- **DATA EXTRACT**
- - - -

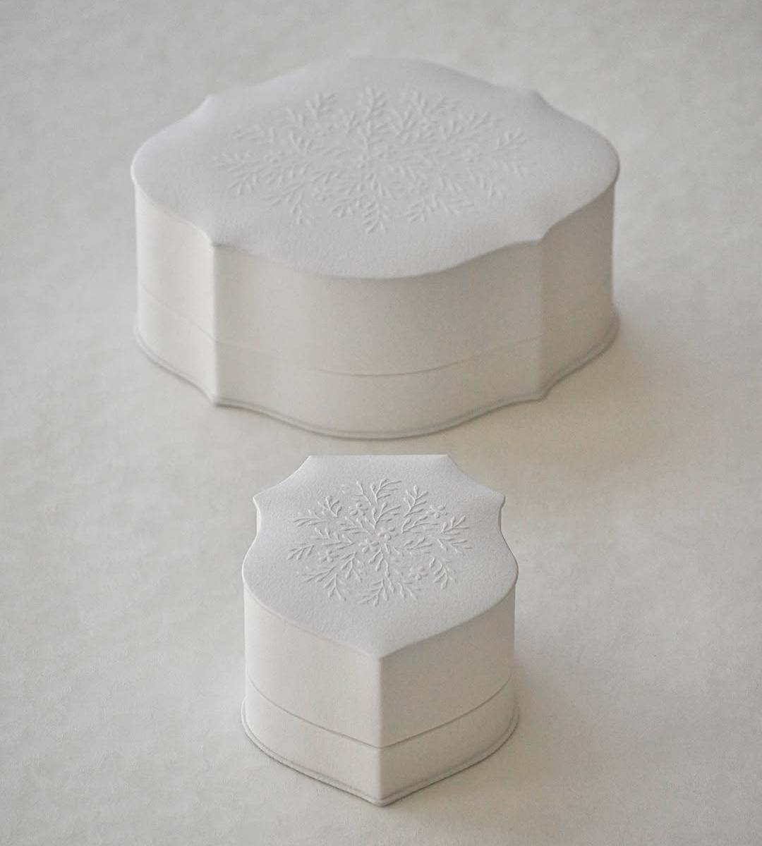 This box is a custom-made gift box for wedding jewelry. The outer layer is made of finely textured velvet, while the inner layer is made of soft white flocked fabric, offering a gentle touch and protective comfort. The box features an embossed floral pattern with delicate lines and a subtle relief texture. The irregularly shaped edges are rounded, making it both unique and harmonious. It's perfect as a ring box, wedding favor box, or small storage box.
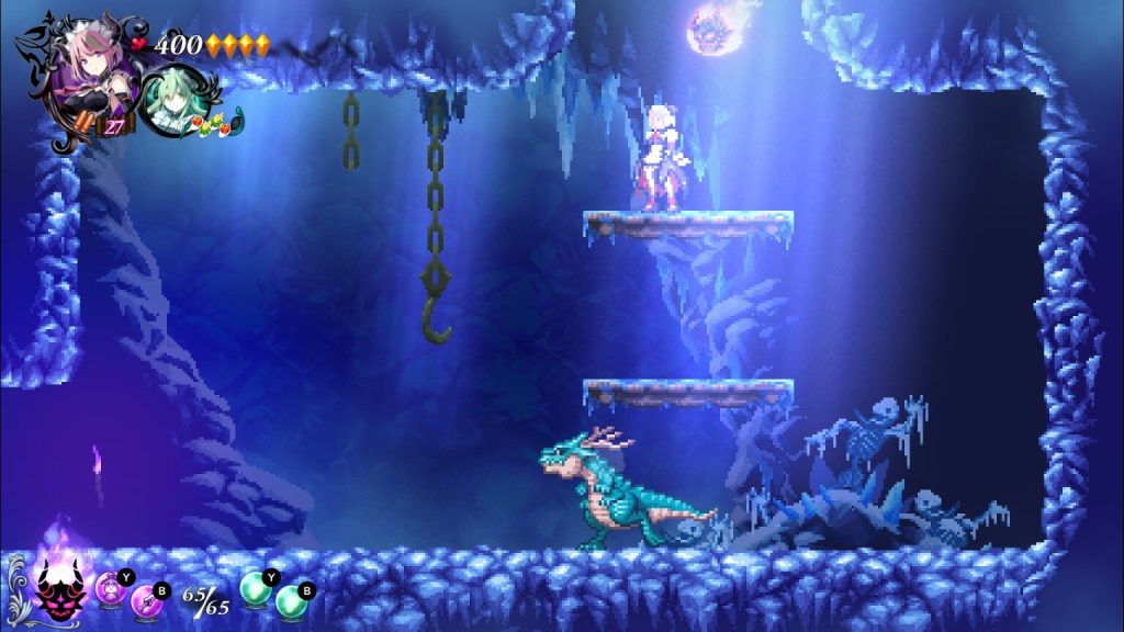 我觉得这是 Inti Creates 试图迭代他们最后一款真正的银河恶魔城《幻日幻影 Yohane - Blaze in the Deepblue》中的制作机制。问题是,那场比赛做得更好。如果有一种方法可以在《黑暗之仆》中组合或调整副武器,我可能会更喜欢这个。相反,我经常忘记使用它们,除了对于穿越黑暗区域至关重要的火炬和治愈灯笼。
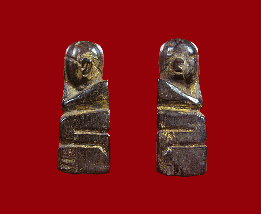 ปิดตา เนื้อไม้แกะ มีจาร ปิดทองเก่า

- - - -

- **EXERCISE INSTRUCTIONS**
Everything in the listing above except the pictures should be duplicated exactly.

- **WORKED SOLUTION**
 This box is a custom-made gift box for wedding jewelry. The outer layer is made of finely textured velvet, while the inner layer is made of soft white flocked fabric, offering a gentle touch and protective comfort. The box features an embossed floral pattern with delicate lines and a subtle relief texture. The irregularly shaped edges are rounded, making it both unique and harmonious. It's perfect as a ring box, wedding favor box, or small storage box.
 我觉得这是 Inti Creates 试图迭代他们最后一款真正的银河恶魔城《幻日幻影 Yohane - Blaze in the Deepblue》中的制作机制。问题是,那场比赛做得更好。如果有一种方法可以在《黑暗之仆》中组合或调整副武器,我可能会更喜欢这个。相反,我经常忘记使用它们,除了对于穿越黑暗区域至关重要的火炬和治愈灯笼。
 ปิดตา เนื้อไม้แกะ มีจาร ปิดทองเก่า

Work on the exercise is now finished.